Pattern p = Pattern.compile("[wow]*"); // One of the two 'w's is redundant, but the engine is OK with it
Matcher m = p.matcher("");             // Passing an empty string results in a valid match that is empty
boolean b = false;
while (b = m.find()) {
    System.out.print(m.start() + " \"" + m.group() + "\" ");
}

this would print 0 "" because an empty string is as good a match as any other match for the expression.

Going back to your example, every time the engine discovers a match, including an empty one, it advances past it by a single character. "Advancing by one" means that the engine considers the "tail" of the string at the next position. This includes the time when the regex engine is at position 11, ie at the very last character: here, the "tail" consists of an empty string. This is similar to calling "wow its cool".substring(12) : you would get an empty string in that case as well.

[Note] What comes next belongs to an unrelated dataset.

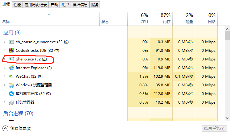 你会发现重新编译后在第四步的任务管理器窗口中gheloo.exe后的括号没有了,说明编译生成的应用程序是64bit的了。
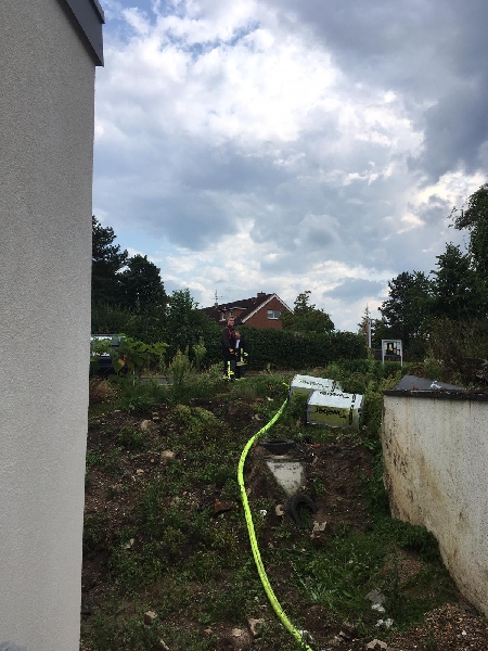 Vor fast genau einem Jahr, am 25.07.2018, mussten wir bereits schon einmal während der Baumaßnahmen die Lagerräume auspumpen. Dieses Mal stand der Keller ca. 1 m unter Wasser. Der Einsatz dauerte von 15:24 Uhr bis 20:00 Uhr.

The engine consider an empty string a valid input, and tries to match it against your expression, as shown in the example above. This produces a match, which your program properly reports.

Answer 2

• [wow]* Matches the first wow string. count = 1

• Because of the * ( zero or more ) next to the character class, [wow]* this regex would match an empty string which exists before the character which is not matched by the above pattern. So it matches the boundary or empty space which exists just before to the first space. Count = 2.

• its is not matched by the above regex . So it matches the empty string which exists before each character. So count is 2+3=5 .

• And also the second space is not matched by the above regex. So we get an empty string as match. 5+1=6

• c is not matched by the above regex. So it matches the empty space which exists just before to the c 6+1=7

• oo is matched by the above regex. [wow]* . So it matches oo and this is considered as 1 match . So we get 7+1=8 as count.

• l is not matched. Count = 9

• At the last it matches the empty string which exists next to the last character. So now the count is 9+1=10

• And finally we all know that the m.start() prints the starting index of the corresponding match.

DEMO

Answer 3

The regex is simply matching the pattern against the input, starting at a given offset. For the last match, the offset of 12 is at the point after the last character of 'cool' - you might think this is the end of the string and therefore cannot be used for matching purposes - but you'd be wrong. For pattern-matching, this is a perfectly valid starting point.

As you state, your regex expression includes the possibility of zero characters and indeed, this is what happens after the end of the last character, but before the end-of-string marker (usually represented by $ in a regex expression).

To put it another way, without testing past the end of the last character, it would mean no matches would ever occur relating to the end of the string - but there are many regex constructs that match the end of the string (and you've shown one of them here).